One of the innovative papers I heard at the SSHA last week was a presentation by Harvard graduate student Ian Miller, with a paper called “Reading 500 Years of Chinese History at Once”. (In the end Ian apologized for only getting to the last 188 years of the Qing Dynasty.) I won’t mention the details, since Ian hasn’t yet published any of this work. But it was a genuinely fascinating exploration of emerging tools in the “digital humanities,” to apply topic analysis to a 188-year series of Imperial memoranda. Ian’s goal was to identify spikes of interest in topics such as rebels and bandits, and the work was really fascinating to hear about. (Here are a couple of interesting pages on digital humanities; link, link.)
The basic insight that is leading to new research in digital humanities is the fact that vast quantities of texts are now available for quantitative analysis. Humanists typically work with texts, and up till now their approaches have largely taken the form of close readings and semantic interpretations. Now that much of the published corpus of humanity is available in digital form thanks to the Google Books project, and now that many archives are steadily moving their ephemera to digital versions as well, it is possible for humanities researchers to broaden their toolkit and look for patterns among these published and unpublished texts. Google’s NGrams tool allows all of us to do some of this kind of work (link, link), but more specialized tools for statistical analysis and presentation are needed if we are to go beyond compiling of changing frequencies of specific terms.
Statistical techniques for discovering “topics” in documents represent a crucial step forward in this endeavor. As Nelson Goodman noted in a pre-digital time, knowing what a text is “about” requires more than simply knowing what words are included in the document in what frequencies (Problems and Projects). We might have said at that point in the 1960s, that what we need beyond the syntax and the list of terms, is “understanding”, an irreplaceably human capability. But a central task for web-based search arises from exactly this issue, and a great deal of research has been done to attempt to do a better job of discovering the “topics” that are central in a given document without invoking a human reader. And surprisingly enough, real progress has been made. This progress is at the heart of the digital humanities. The fundamental problem is this: are there statistical methods that can be used to analyze the frequency of the words included in a given document to provide a compressed analysis of the “topics” included in the document? We might then say that this compressed representation is a good approximation to what the document is “about”.
A theoretical advancement, and corresponding set of tools, that is frequently invoked in research projects in this field is a “latent Direchet allocation” (LDA), a statistical technique for using word frequencies in a document to sort out a smaller set of topics. David Blei, Andrew Ng, and Michael Jordan introduced the idea in 2003 (link). (There is a detailed and technical description of the model in Wikipedia; link.) They indicate that this method is similar to algorithms based on “latent semantic indexing”. Here is how Blei, Ng, and Jordan describe the approach in the abstract to this paper:
We describe latent Dirichlet allocation (LDA), a generative probabilistic model for collections of discrete data such as text corpora. LDA is a three-level hierarchical Bayesian model, in which each item of a collection is modeled as a finite mixture over an underlying set of topics.
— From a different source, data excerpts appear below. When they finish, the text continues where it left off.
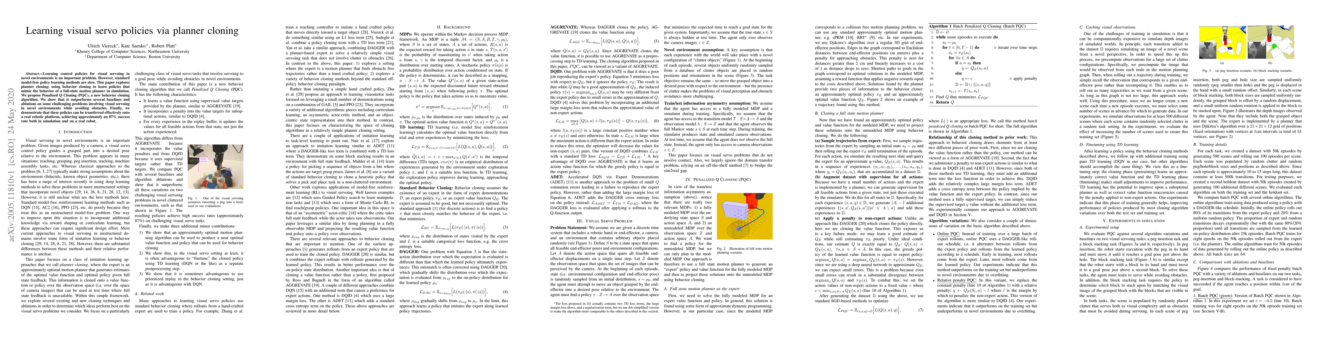 Learning control policies for visual servoing in novel environments is an important problem. However, standard model-free policy learning methods are slow. This paper explores planner cloning: using behavior cloning to learn policies that mimic the behavior of a full-state motion planner in simulation. We propose Penalized Q Cloning (PQC), a new behavior cloning algorithm. We show that it outperforms several baselines and ablations on some challenging problems involving visual servoing in novel environments while avoiding obstacles. Finally, we demonstrate that these policies can be transferred effectively onto a real robotic platform, achieving approximately an 87% success rate both in simulation and on a real robot.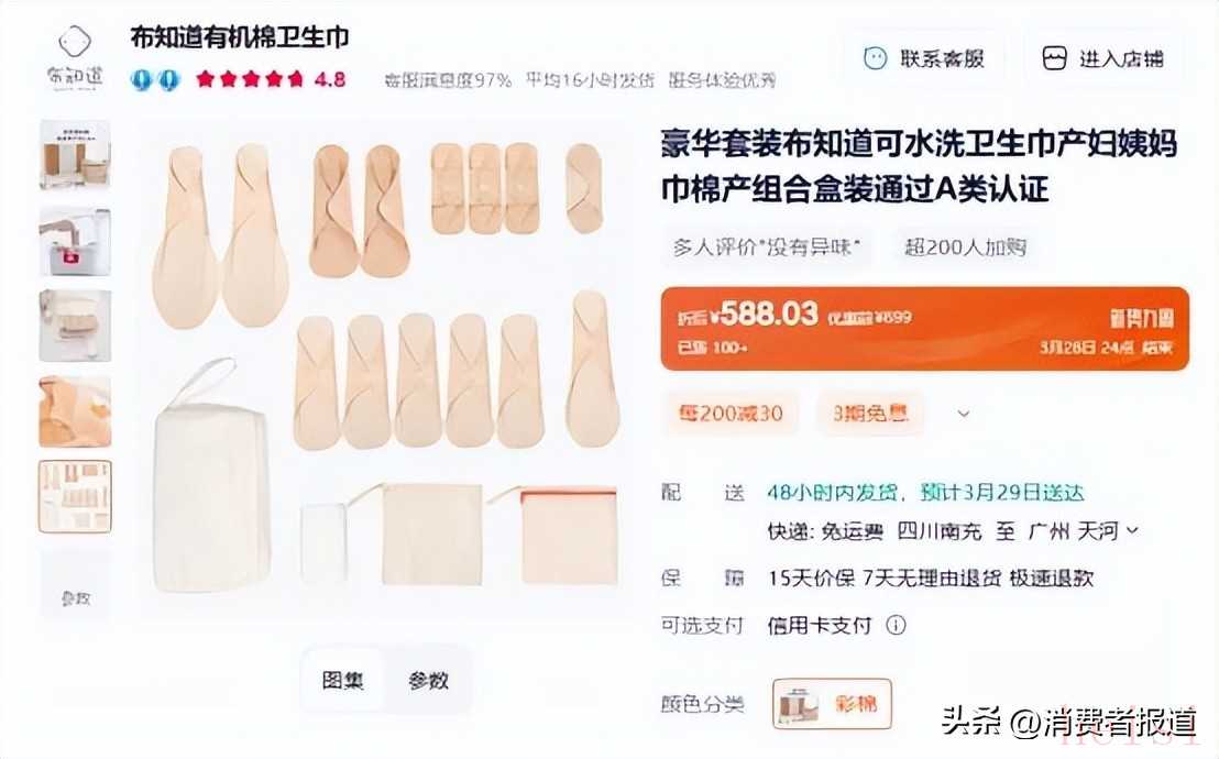 不過,并非所有水洗衛(wèi)生巾的價格都便宜。記者在某電商平臺上就發(fā)現(xiàn)一款14片裝的豪華套裝組合產(chǎn)品,優(yōu)惠前的售價為699元,折后也要588元。
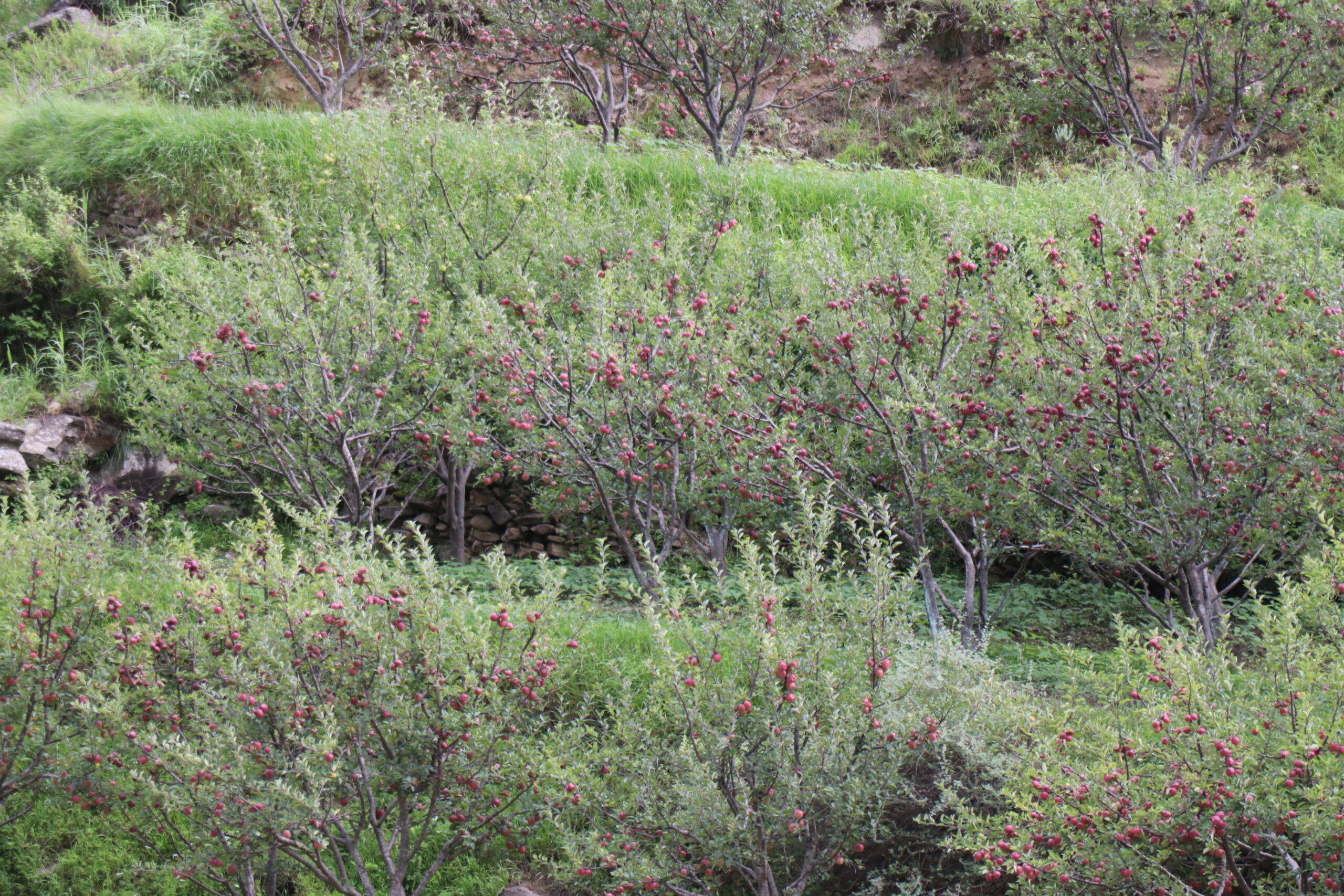 जुम्लाको तिला गाउँपालिका–३ स्थित कर्णाली राजमार्गको छेउमा रहेको स्याउ बगैँचा। तस्बिर : दीकपजंग शाही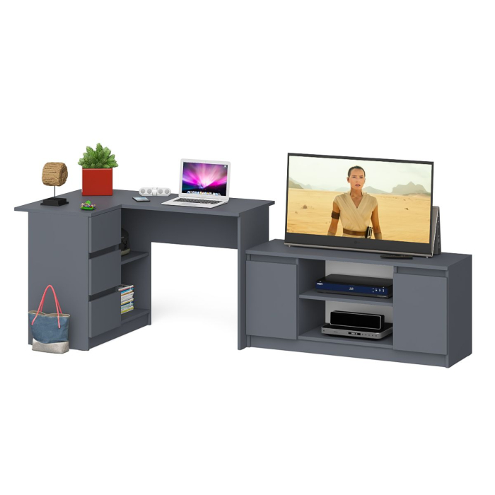 Комплектация включает стол компьютерный Мори МС-16 левый и тумбу ТВ Мори МТВ1200.1. Продуманная конструкция позволяет убрать лишние предметы, тем самым сохраняя единый стиль оформления помещения. Роль ручек выполняют сами фасады. Угловой компьютерный стол Мори МС-16 левый - конструктивно тумба со столешницей образуют угол. Тумба имеет 3 выдвижных ящика и нишу с полкой по середине. Угловой компьютерный стол Мори МС-16 левый не универсален при сборке - тумба с ящиками располагается слева. Тумба ТВ Мори МТВ1200.1 состоит из открытой ниши по центру и двумя закрытыми распашными дверками по краям. Все ниши имеет полочку по середине. На тумбе достаточно места для размещения телевизора дигональю 47 дюймов. Можно использовать как ТВ тумбу, так и обычную для хранения и размещения Ваших вещей.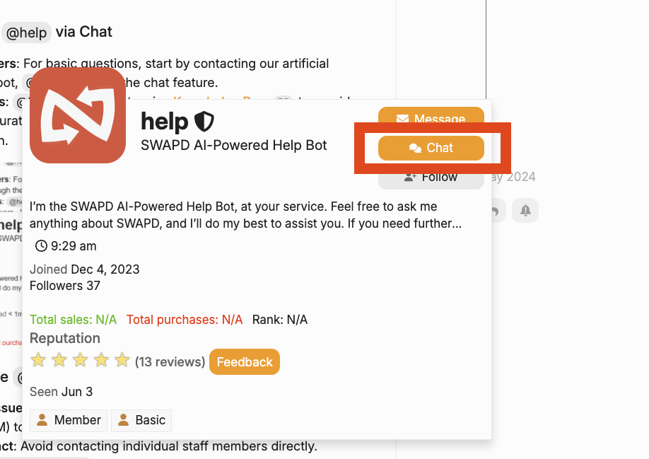 - Quick Answers: For basic questions, start by contacting our artificial intelligence bot, @help, through the chat feature.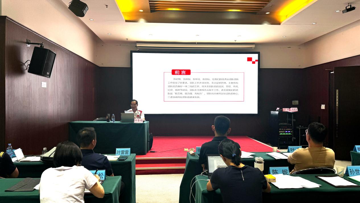 许秋红对各位参训学员的到来表示热烈欢迎,并向共同承办本次培训班的南京体育学院继续教育学院表示最诚挚的感谢。她表示巴黎奥运会刚刚落下帷幕,十五届全运会战火又将燃起,为全力做好全运会备战参赛各项工作,有效提升备战工作质量和效益,局党组高度重视优秀运动队训练管理干部的培训培养工作,结合备战工作实际需要,精心设计课程,邀请了相关专家进行集中授课,旨在通过学习进一步提升训练管理干部的业务能力,强化责任担当,为全面保障运动队备战参赛提供科学完善的服务保障,在十五届全运会上继续为优秀运动员保驾护航。领队作为运动队思想政治、日常管理的第一责任人,任务艰巨,使命光荣,在团队中发挥着不可替代的重要作用。当前十五届全运会备战工作时间紧、任务重,领队等管理干部要旗帜鲜明讲政治,切实增强为国争光为省添彩的意识和本领放在首位;要强思想转作风,着力锻造运动队的思想作风和工作纪律;要严格队伍管理,聚焦重点项目、重点人,敢管会管善管;要善于沟通协调,凝聚运动队团结协作、为国争光为省添彩的精气神。她从充分认识开展培训工作的重要意义和珍惜机会端正态度两个方面对参训学员提出了具体要求。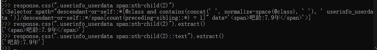 self.itemlist[response.meta['count']]['year']=re.findall(r"\d+\.?\d*",response.css(".userinfo_userdata span:nth-child(2)::text").extract()[0])[0]

Each topic is, in turn, modeled as an infinite mixture over an underlying set of topic probabilities. In the context of text modeling, the topic probabilities provide an explicit representation of a document. We present efficient approximate inference techniques based on variational methods and an EM algorithm for empirical Bayes parameter estimation. We report results in document modeling, text classification, and collaborative filtering, comparing to a mixture of unigrams model and the probabilistic LSI model.
And here is their statement of the goal of LDA analysis:
The goal is to find short descriptions of the members of a collection that enable efficient processing of large collections while preserving the essential statistical relationships that are useful for basic tasks such as classification, novelty detection, summarization, and similarity and relevance judgments. (993)
And here is a summary assessment of the effectiveness of the LDA representation of a set of documents relative to a less compressive representation:
We see that there is little reduction in classification performance in using the LDA-based features; indeed, in almost all cases the performance is improved with the LDA features. Although these results need further substantiation, they suggest that the topic-based representation provided by LDA may be useful as a fast filtering algorithm for feature selection in text classification. (1013)
Here is a table they provide illustrating the kind of topic analysis that this statistical methodology creates:
In some ways the type of application that Ian Miller is making of these tools seems ideal. This kind of statistical methodology can be applied to very large databases of historical texts in order to discover patterns that the authors of those texts would have been entirely unaware of. So methods like LPA seem well designed to uncover historically shifting patterns of topic emphasis by observers and policy makers over time and space.
This is just a first cut for me on the kind of reasoning and statistical analysis that information theorists are employing to do semantic analysis of documents, and I certainly don’t have a good understanding of how this works in detail. The power of these frameworks seems very great, though, and well worth studying in greater detail by historians and humanists.